In Soup a la Smurf, Gargamel lists an impressive number of dishes in which Smurfs are the main ingredients. This is one of the dishes he kept in reserve. .
- Yield: 4 Servings
- Preparation Time: 15 Minutes
- Cooking Time: 45 Minutes
- 2 lemons
- 4 chicken cutlets (you can also use leftover roast chicken)
- 5½ oz live smurfs (or 5½ oz blue candy spaghetti)
- 1 onion
- Olive oil and butter for frying
- 1 handful fresh parsley leaves
- Salt and pepper
How to Make It
- Roll the lemons back and forth several times between your palm and a tabletop, pressing down firmly. Then flay the lemons with a grater or peeler to remove the zest. Cut them in half, and squeeze to collect the juice.
- Place the chicken in a dish, sprinkle over the zest and two-thirds of the lemon juice, cover, and marinate for the time it takes to cast a spell over the Smurfs.

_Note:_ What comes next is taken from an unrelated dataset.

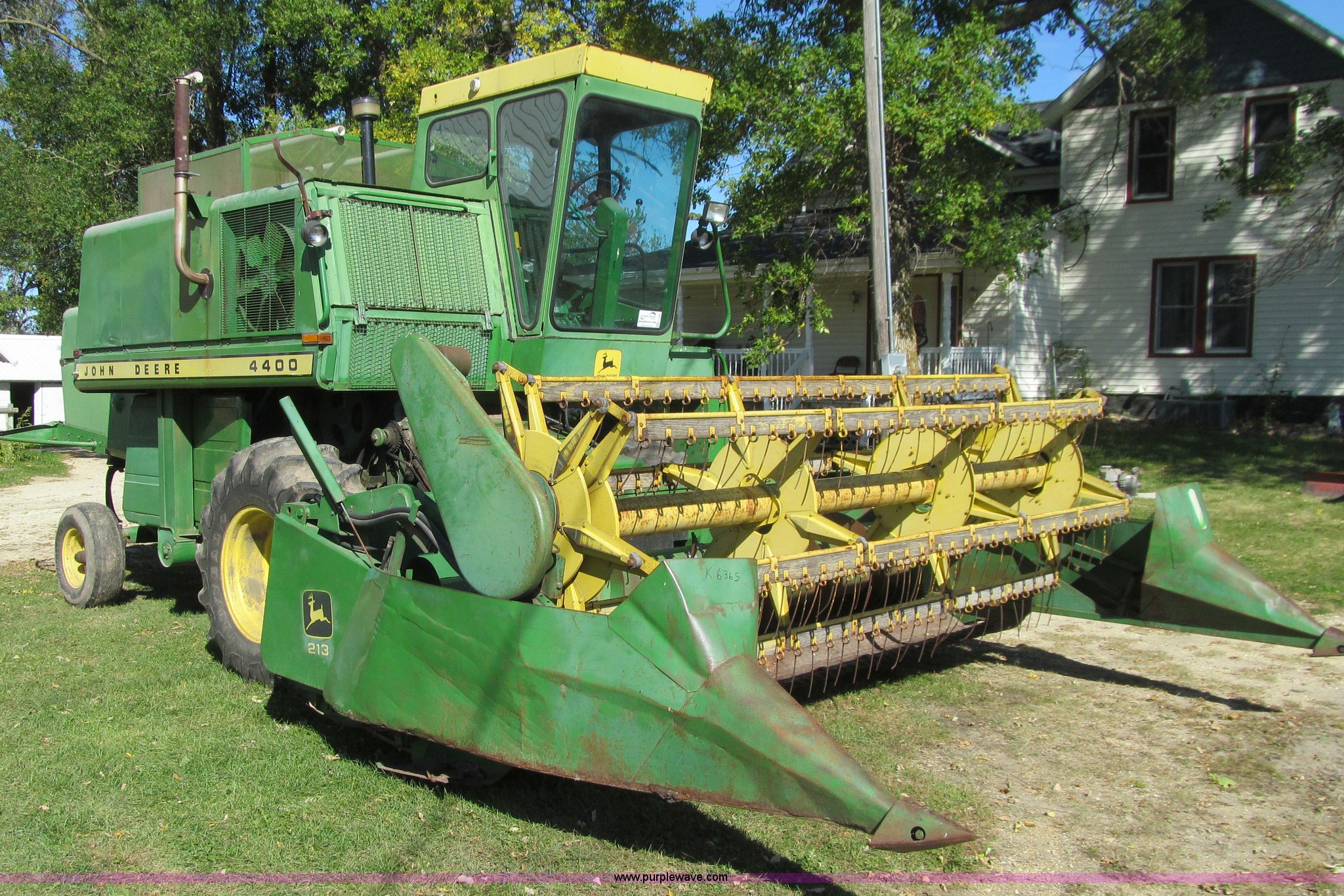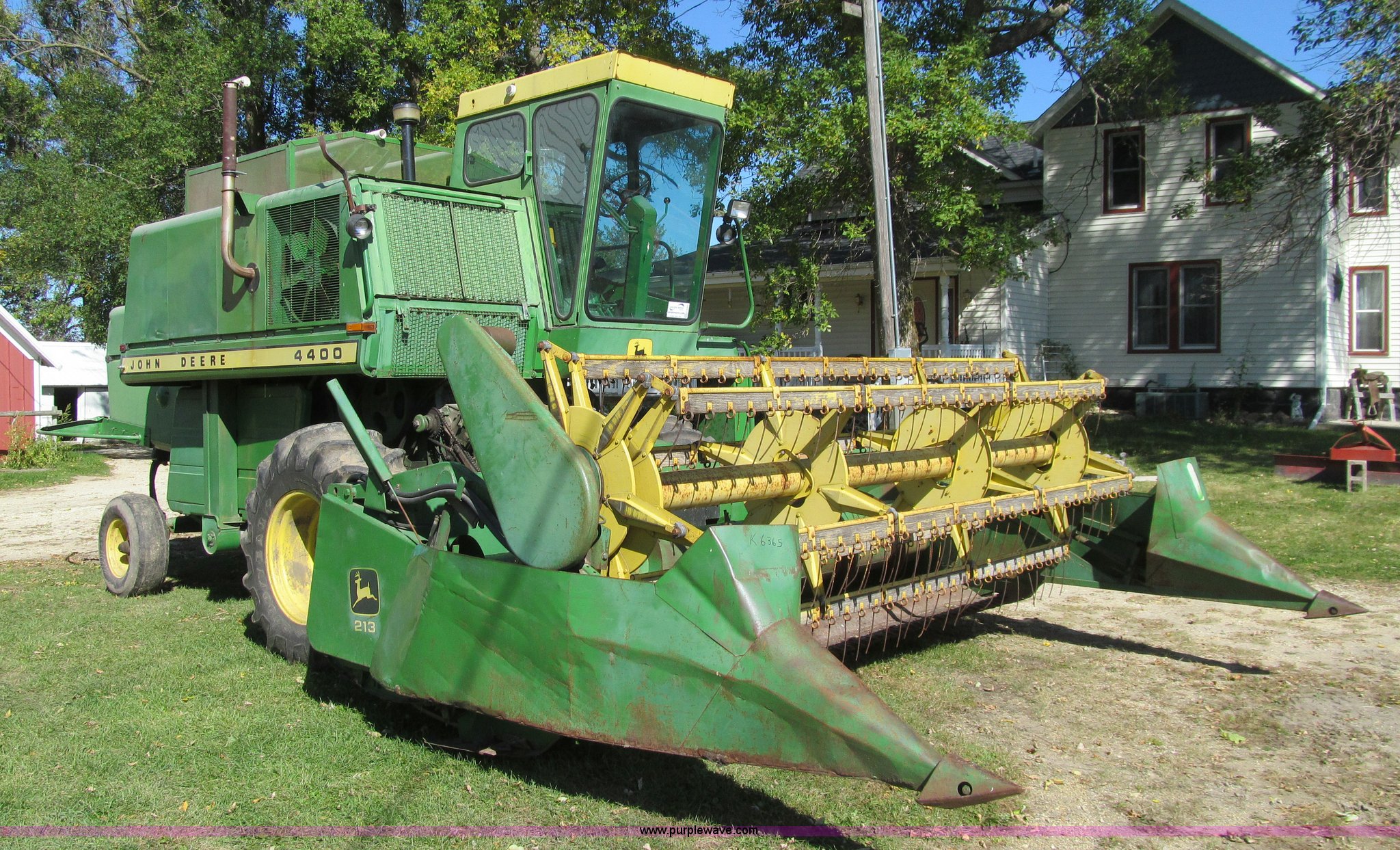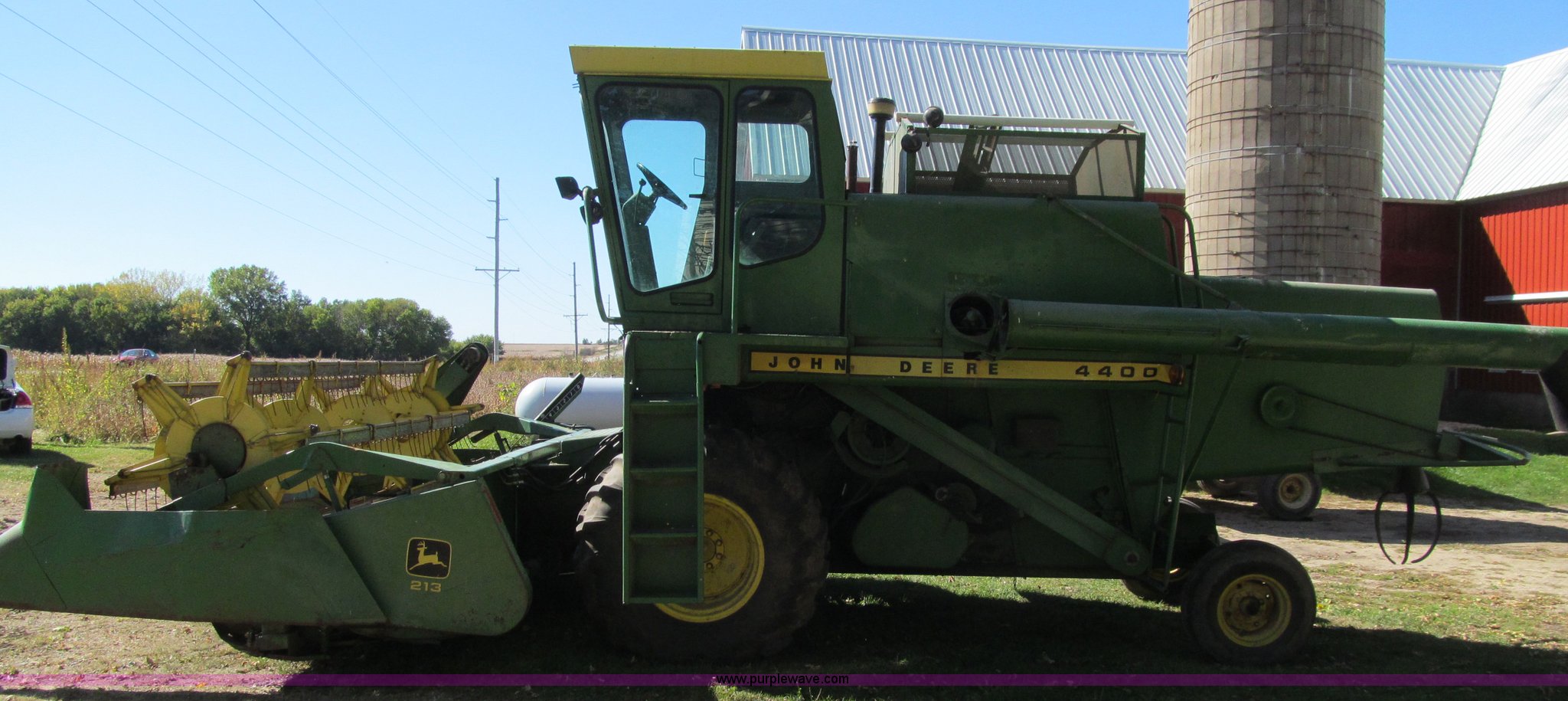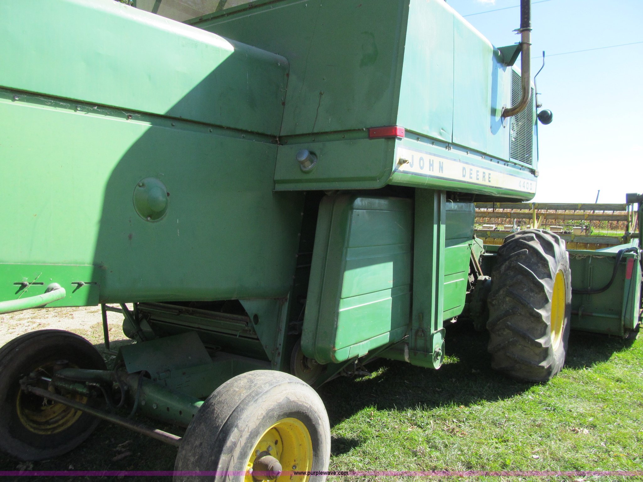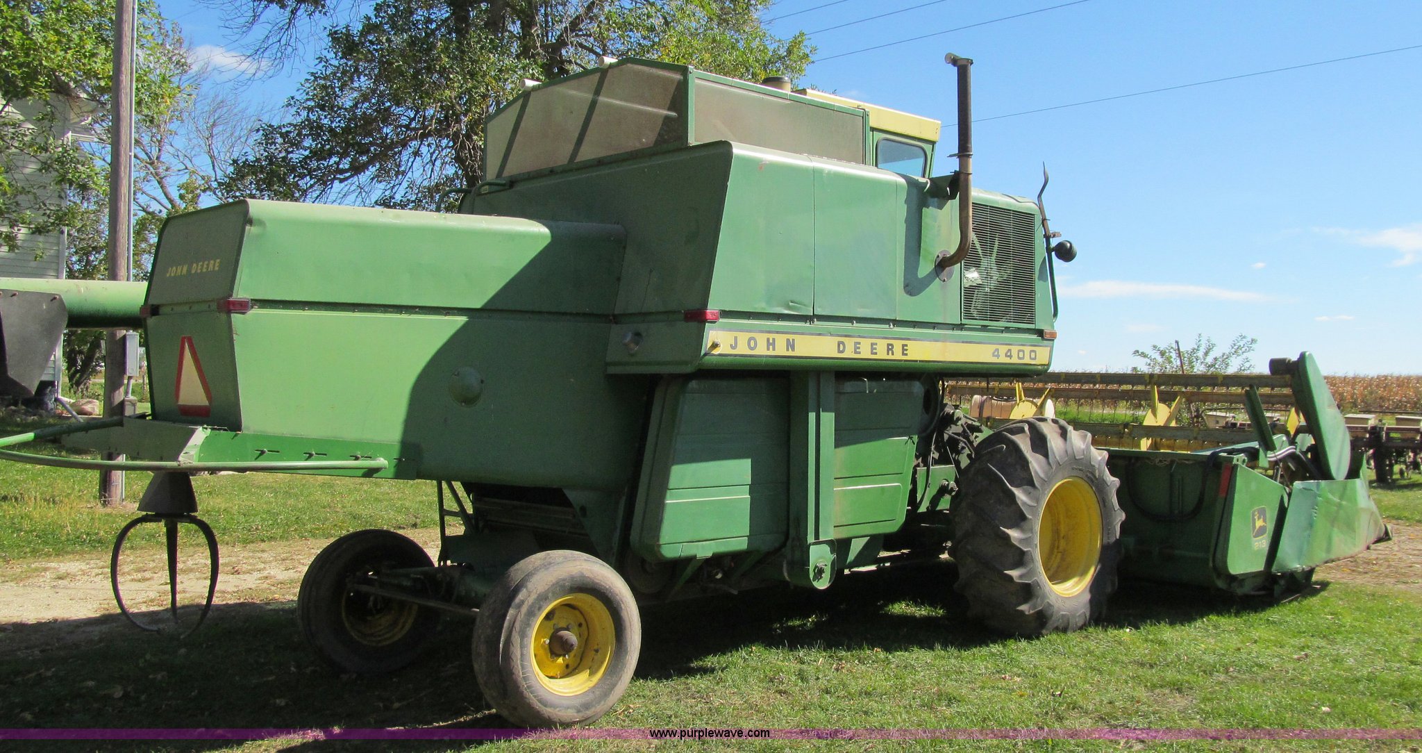 Purple Wave is selling a used Combine in Iowa. This item is a 1976 John Deere 4400 combine with the following: 3,577 engine hours on meter, John Deere six cylinder gas engine, Manual transmission, 4F-1R gears, Heat, Non-operational, Tilt steering wheel, Suspension seat, Chaff spreader, 11'L unloading auger, John Deere 213 flex platform head, Finger reel, Steel skid plates, Hydraulic reel height control, Dual drive lines, Serial 225009H, 128" wheelbase, 18.4-26 front tires, 11L-16 rear tires, Manuals, Serial E4400-007631H

- Catch the Smurfs. . . . Watch out! Too late . . . Wipe away the pepper thrown into your eyes by Jokey Smurf, bandage your fingers injured by Handy Smurf’s hammer, and push Azrael out of the window, who has been watching the birds through the glass. Tie up the Smurfs so they don’t escape and wash them, making sure to remove the glasses of Brainy Smurf first. Once they are tied together well, make them swallow a philosopher’s potion to turn them into spaghetti.
- Peel the onion, cut it into small pieces, and cook with the rest of the lemon juice and a small glass of water over low heat for 20 minutes, until really soft. Meanwhile, heat 1 tablespoon of olive oil and 1 tablespoon of butter in a frying pan and add the drained pieces of chicken. Cook the cutlets (about 4 minutes per side), basting them regularly. Season with salt and pepper.
- Serve the Smurf spaghetti, warmed quickly in the microwave, with the chicken and stewed onions, and sprinkled with parsley leaves. (Author’s note: no Smurfs were really harmed in the making of this recipe.)